Information START

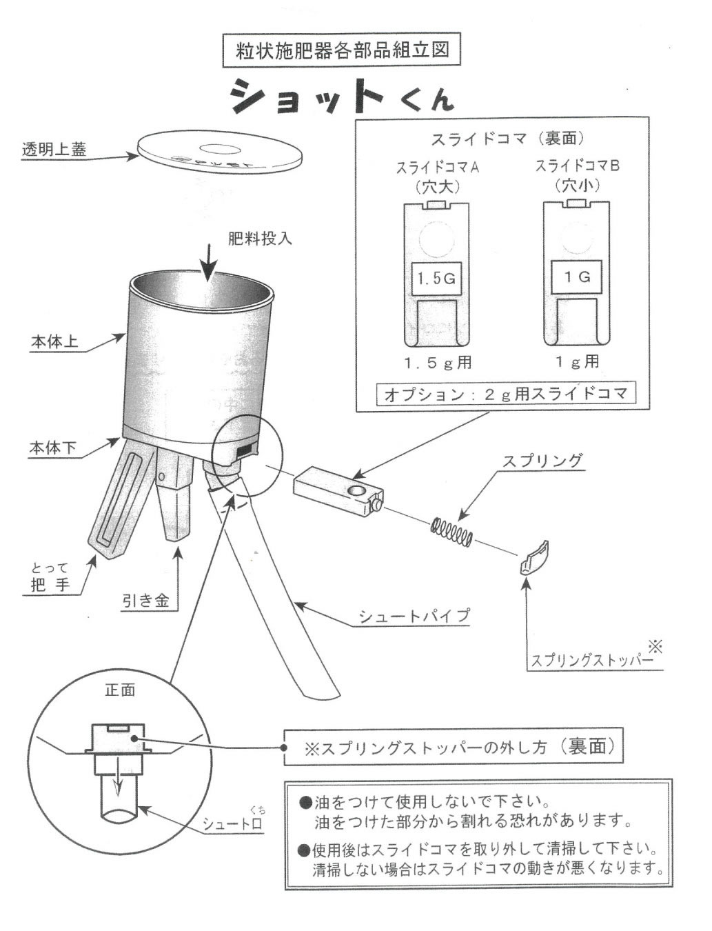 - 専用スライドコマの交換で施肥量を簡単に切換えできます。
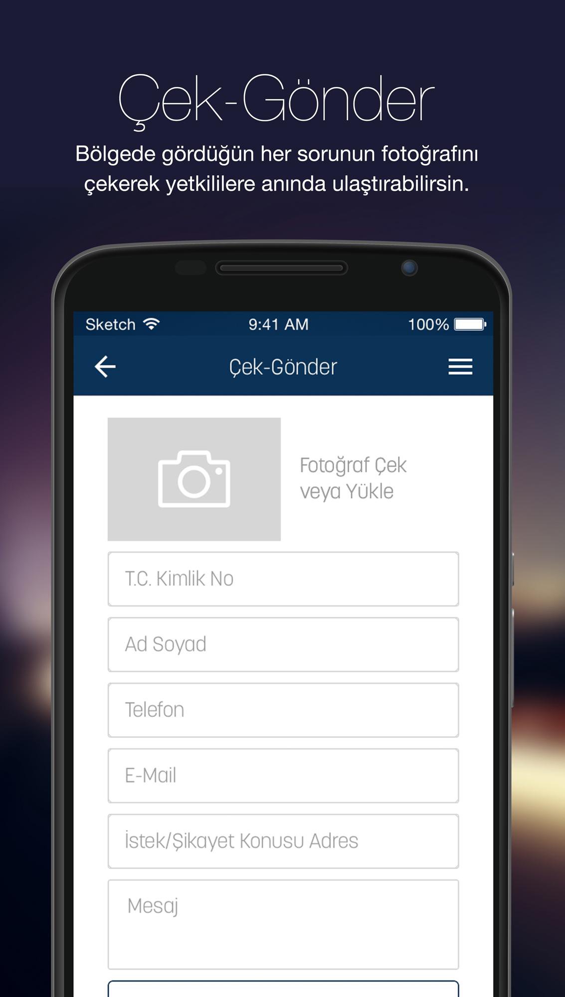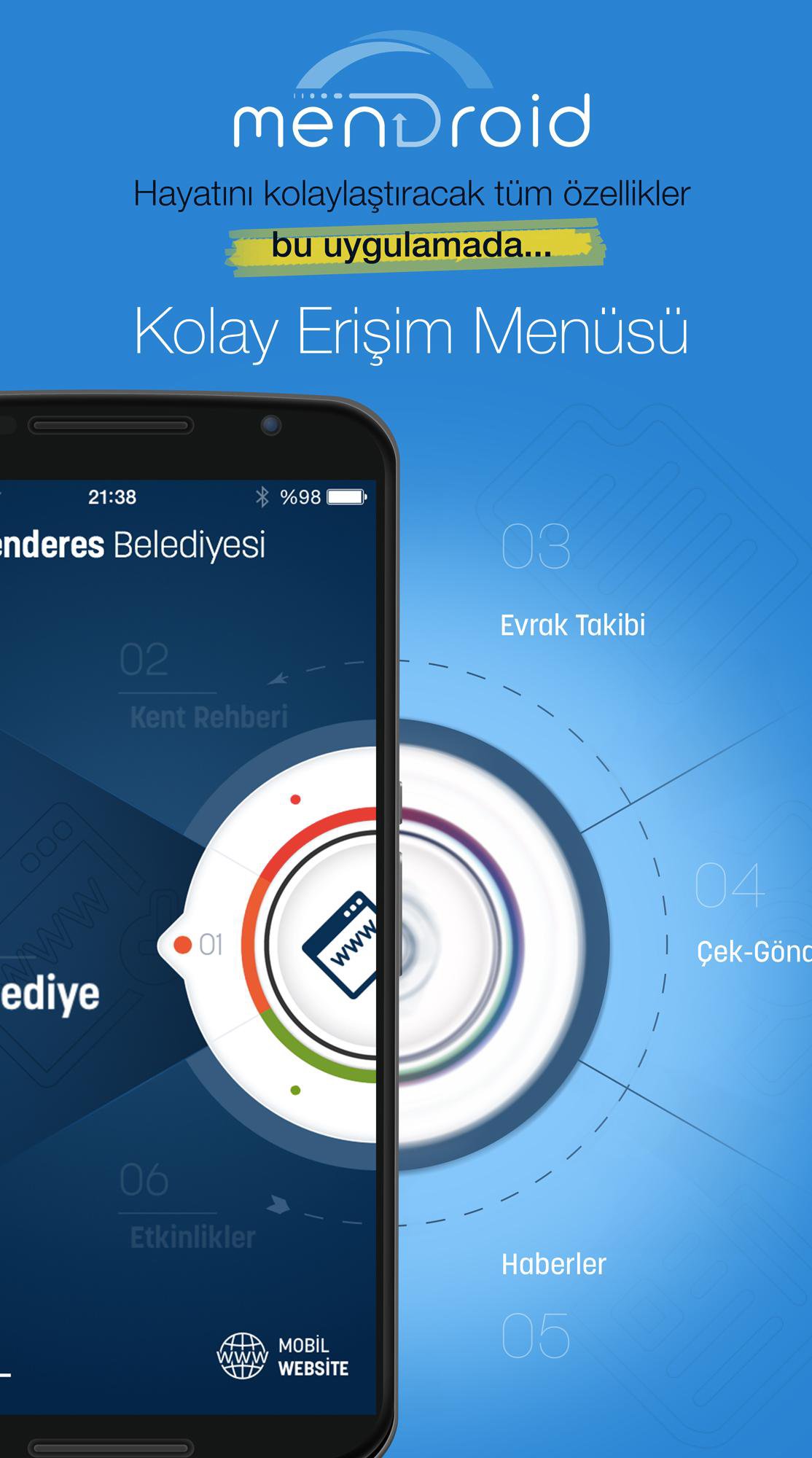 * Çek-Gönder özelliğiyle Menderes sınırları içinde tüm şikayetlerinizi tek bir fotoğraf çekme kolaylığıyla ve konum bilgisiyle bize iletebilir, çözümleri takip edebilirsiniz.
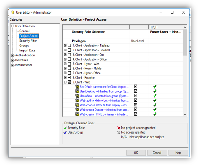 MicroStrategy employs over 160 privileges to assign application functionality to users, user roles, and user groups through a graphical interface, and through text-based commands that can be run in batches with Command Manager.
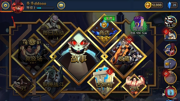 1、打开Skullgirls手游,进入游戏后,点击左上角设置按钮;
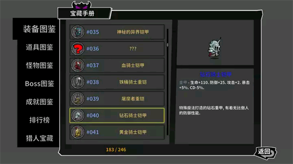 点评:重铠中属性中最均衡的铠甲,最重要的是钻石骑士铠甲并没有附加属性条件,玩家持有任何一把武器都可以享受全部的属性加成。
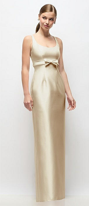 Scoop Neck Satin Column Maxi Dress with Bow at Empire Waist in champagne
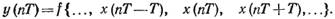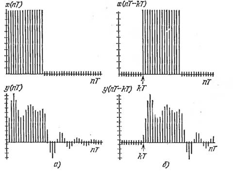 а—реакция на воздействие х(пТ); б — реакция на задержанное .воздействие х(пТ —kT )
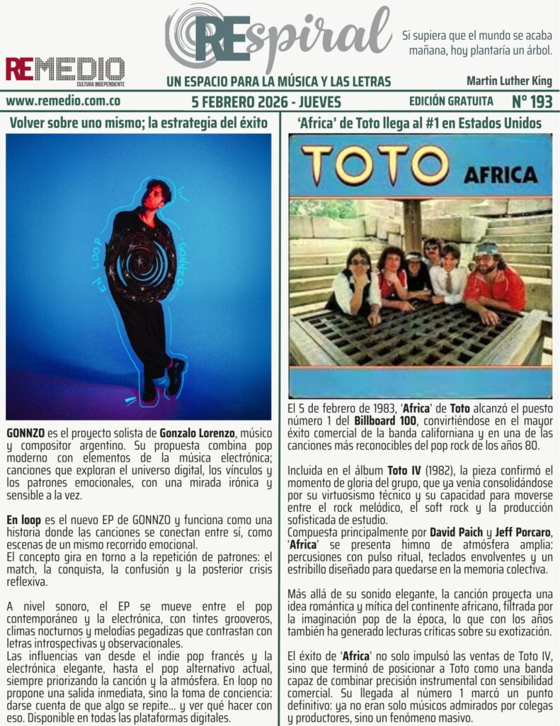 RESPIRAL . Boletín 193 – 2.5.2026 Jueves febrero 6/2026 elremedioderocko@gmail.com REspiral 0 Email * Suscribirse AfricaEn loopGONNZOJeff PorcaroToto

Information END
Information START

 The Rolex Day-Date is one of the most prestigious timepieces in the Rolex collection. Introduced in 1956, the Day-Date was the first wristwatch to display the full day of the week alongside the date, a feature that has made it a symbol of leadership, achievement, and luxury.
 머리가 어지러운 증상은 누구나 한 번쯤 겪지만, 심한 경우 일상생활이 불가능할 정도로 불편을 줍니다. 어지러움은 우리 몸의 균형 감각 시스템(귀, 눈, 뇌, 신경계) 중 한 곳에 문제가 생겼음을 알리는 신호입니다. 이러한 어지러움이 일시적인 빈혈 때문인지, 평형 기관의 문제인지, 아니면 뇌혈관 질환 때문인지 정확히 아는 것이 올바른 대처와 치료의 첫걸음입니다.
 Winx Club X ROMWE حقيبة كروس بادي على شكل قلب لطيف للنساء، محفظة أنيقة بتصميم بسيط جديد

Information END

What you have to do » Although pictures appear among the records above, write out exactly only the lines from the one that has "çözümleri takip edebilirsiniz." through the one that has "1、打开Skullgirls手游,进入游戏后,点击左上角设置按钮;", and leave the pictures out.

Expected answer »
 * Çek-Gönder özelliğiyle Menderes sınırları içinde tüm şikayetlerinizi tek bir fotoğraf çekme kolaylığıyla ve konum bilgisiyle bize iletebilir, çözümleri takip edebilirsiniz.
 MicroStrategy employs over 160 privileges to assign application functionality to users, user roles, and user groups through a graphical interface, and through text-based commands that can be run in batches with Command Manager.
 1、打开Skullgirls手游,进入游戏后,点击左上角设置按钮;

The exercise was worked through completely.